GIVEN DATA:
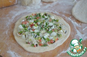 • Сверху накрываем другой лепешкой, по краю защипываем и придавливаем, чтобы она была как можно тоньше.
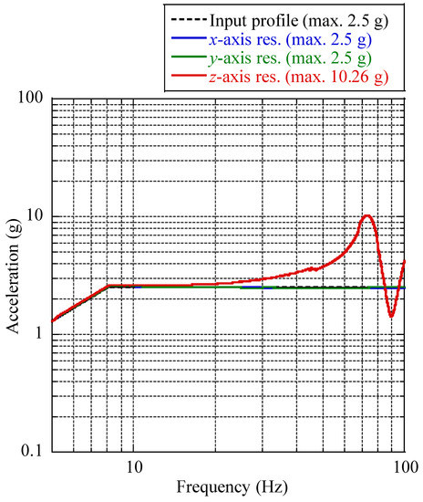 The VMLSA’s corresponding axis sine vibration test results during the x-, y-, and z-axis excitations are shown in Figure 15. The qualification level of full-level sinusoidal vibration loads for small satellites, as preferred by the QB50 System requirements and recommendations [34], was applied along the axis of the solar panel, but the z-axis was the most important axis because it produced the highest dynamic deflection in comparison to the others. The solar panel’s corresponding x-, y-, and z-axes maximum acceleration responses under a sinusoidal vibration input load of 2.5 g in each excitation axis were 2.5, 2.5, and 10.26 g, respectively. A maximum 10.26 g resonance response was observed at 75 Hz on the z-axis of the VMLSA during the same axis excitation.
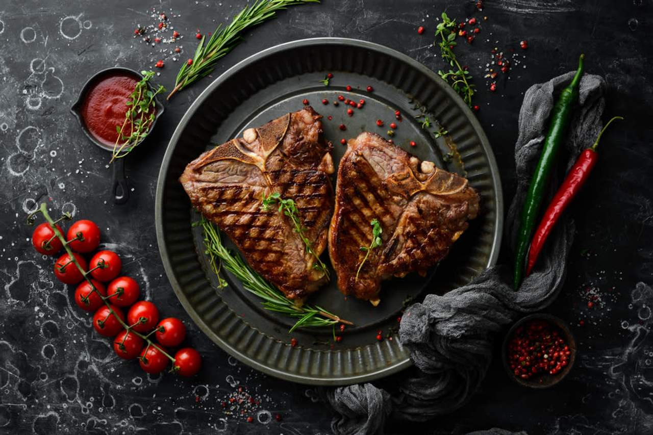Steak de vita cu piure de mango si legume la gratar

INSTRUCTIONS FOR THE TASK: Retype the data exactly; images stay out.

TASK RESPONSE:
 • Сверху накрываем другой лепешкой, по краю защипываем и придавливаем, чтобы она была как можно тоньше.
 The VMLSA’s corresponding axis sine vibration test results during the x-, y-, and z-axis excitations are shown in Figure 15. The qualification level of full-level sinusoidal vibration loads for small satellites, as preferred by the QB50 System requirements and recommendations [34], was applied along the axis of the solar panel, but the z-axis was the most important axis because it produced the highest dynamic deflection in comparison to the others. The solar panel’s corresponding x-, y-, and z-axes maximum acceleration responses under a sinusoidal vibration input load of 2.5 g in each excitation axis were 2.5, 2.5, and 10.26 g, respectively. A maximum 10.26 g resonance response was observed at 75 Hz on the z-axis of the VMLSA during the same axis excitation.
Steak de vita cu piure de mango si legume la gratar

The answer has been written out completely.